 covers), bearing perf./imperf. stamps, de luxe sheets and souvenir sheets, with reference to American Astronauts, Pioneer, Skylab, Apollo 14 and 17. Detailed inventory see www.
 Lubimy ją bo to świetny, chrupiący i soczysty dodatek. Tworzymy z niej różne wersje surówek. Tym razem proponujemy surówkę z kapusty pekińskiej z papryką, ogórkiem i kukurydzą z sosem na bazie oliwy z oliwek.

☆ ☆ ☆ ☆ ☆

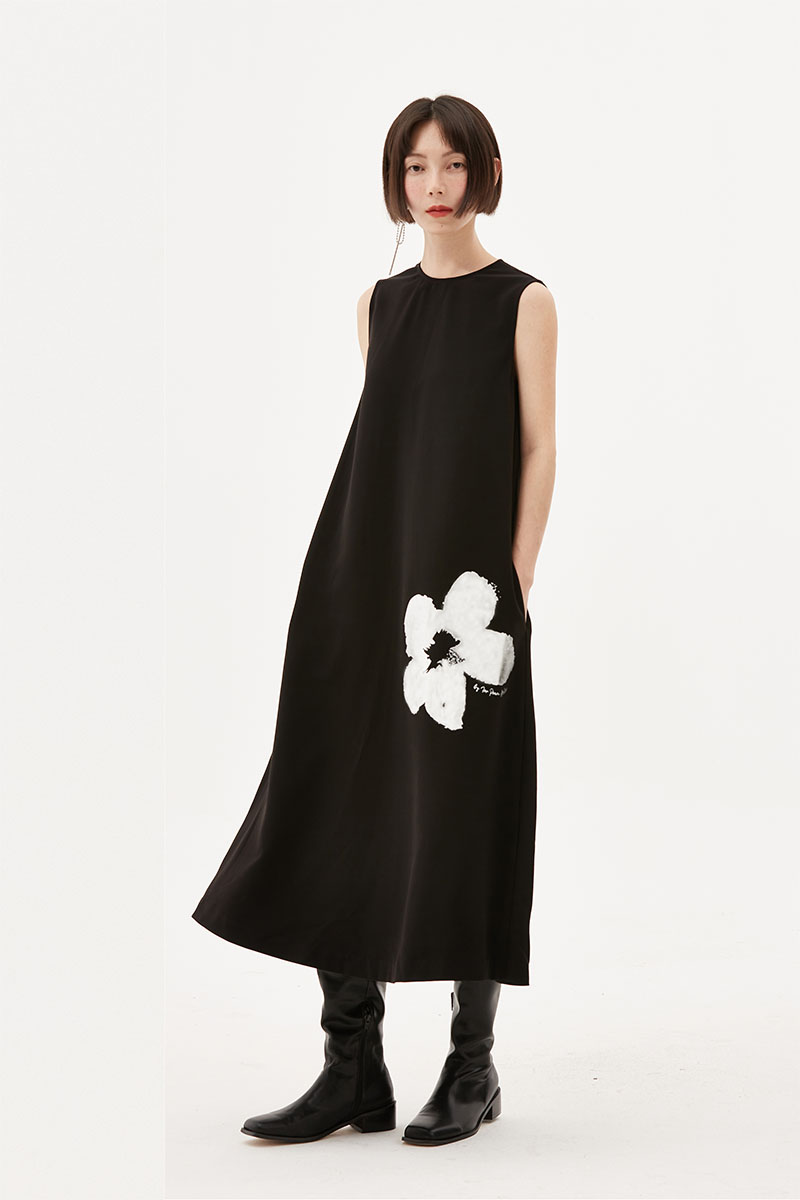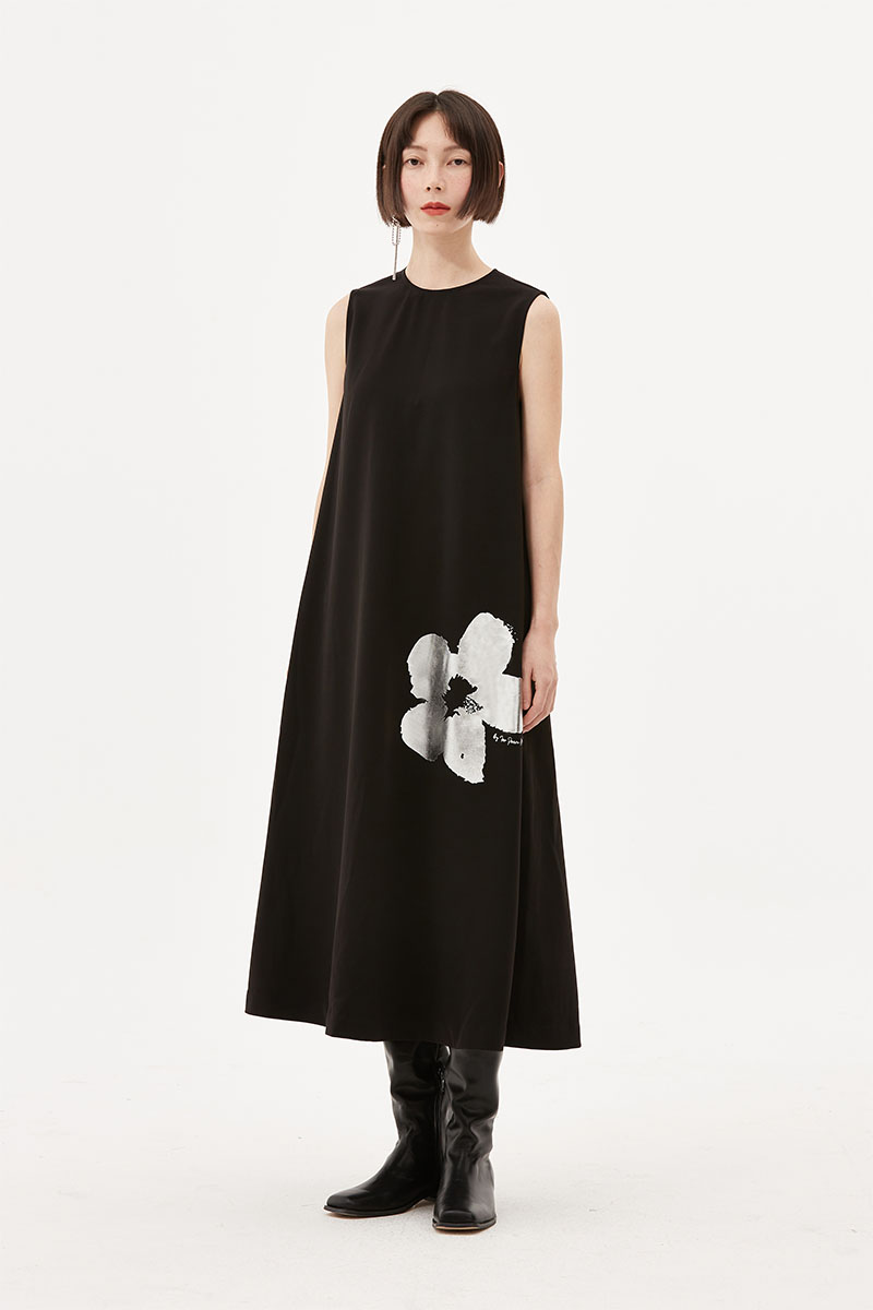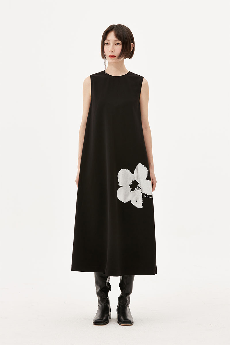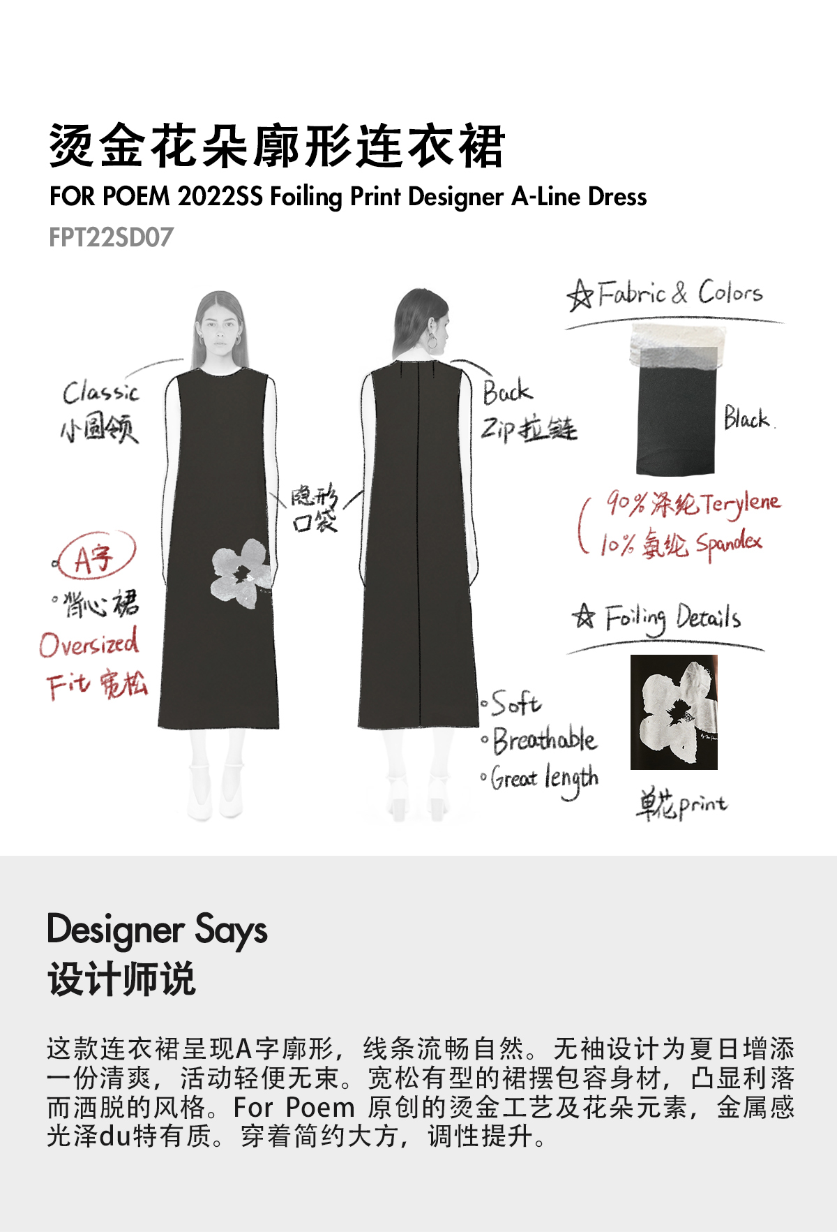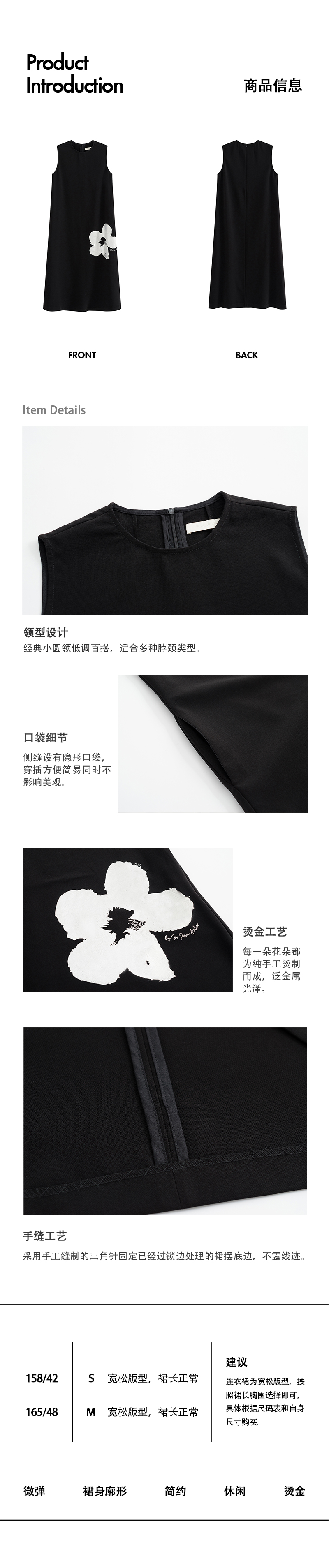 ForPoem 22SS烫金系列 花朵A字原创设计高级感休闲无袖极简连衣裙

☆ ☆ ☆ ☆ ☆

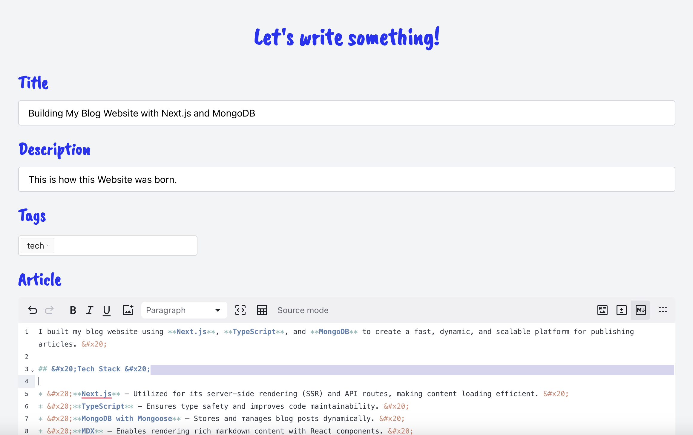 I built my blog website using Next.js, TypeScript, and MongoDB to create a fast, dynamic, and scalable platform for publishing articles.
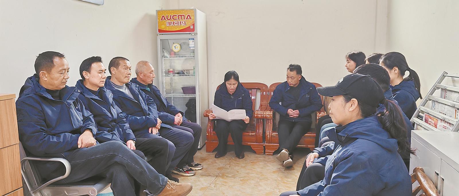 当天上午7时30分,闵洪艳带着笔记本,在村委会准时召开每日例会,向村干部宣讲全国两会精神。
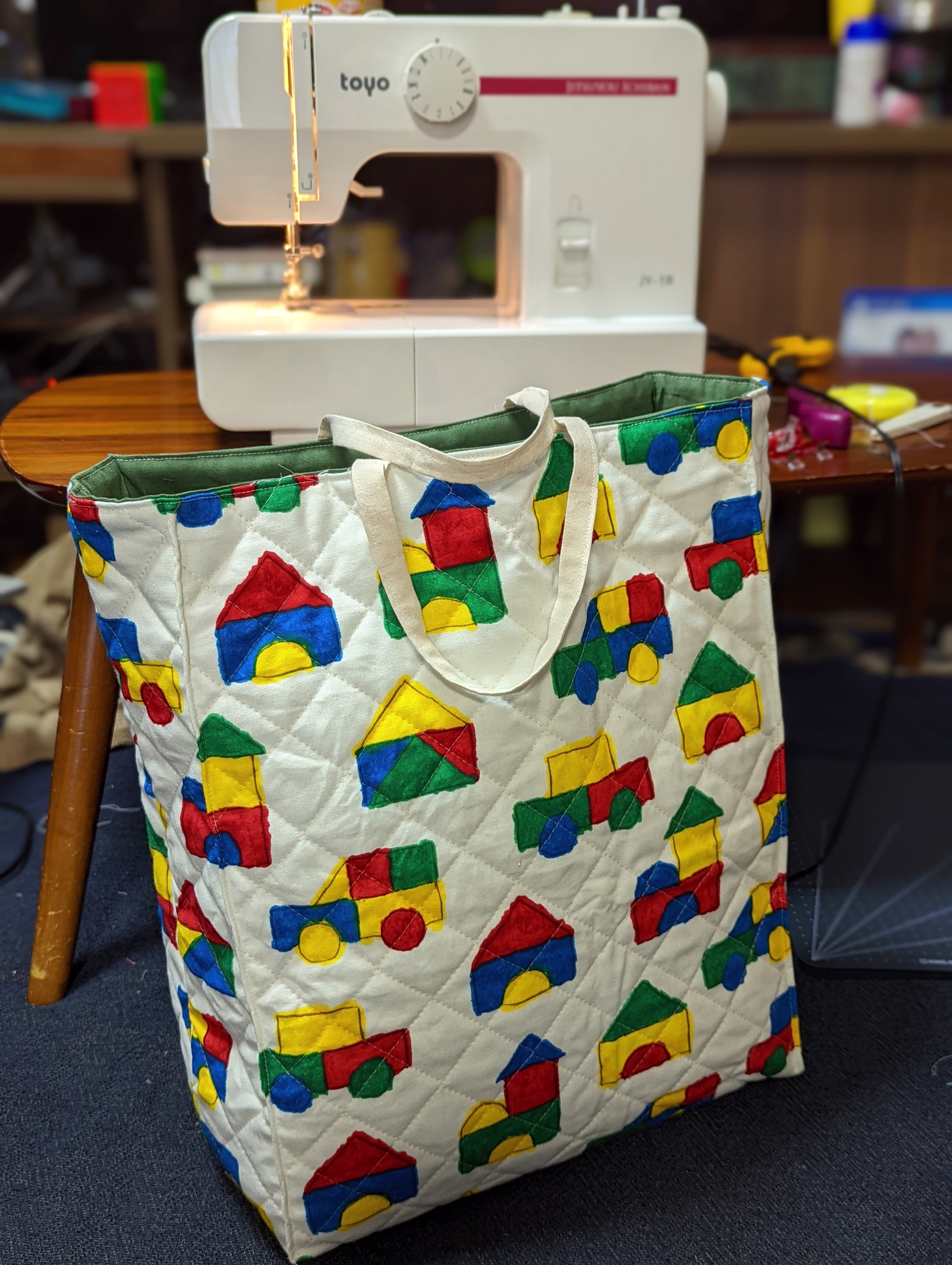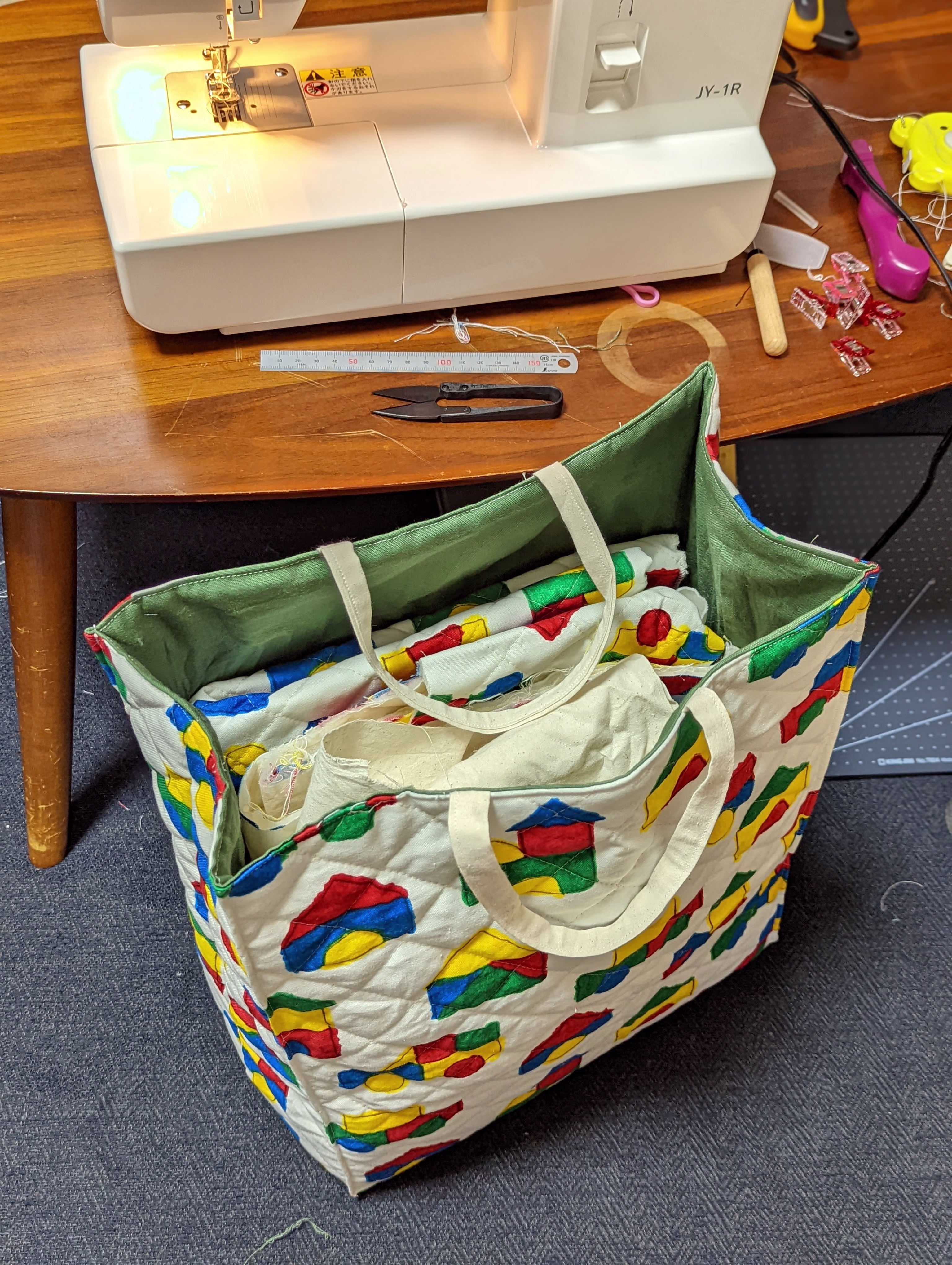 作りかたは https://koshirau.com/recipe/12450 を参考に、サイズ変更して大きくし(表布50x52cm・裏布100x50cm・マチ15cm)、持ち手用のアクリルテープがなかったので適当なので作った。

☆ ☆ ☆ ☆ ☆

== The problem ==
Could you return exactly the lines above from the line with "covers), bearing perf./imperf." to the line with "Lubimy ją bo", both included, and nothing else?

== Result ==
 covers), bearing perf./imperf. stamps, de luxe sheets and souvenir sheets, with reference to American Astronauts, Pioneer, Skylab, Apollo 14 and 17. Detailed inventory see www.
 Lubimy ją bo to świetny, chrupiący i soczysty dodatek. Tworzymy z niej różne wersje surówek. Tym razem proponujemy surówkę z kapusty pekińskiej z papryką, ogórkiem i kukurydzą z sosem na bazie oliwy z oliwek.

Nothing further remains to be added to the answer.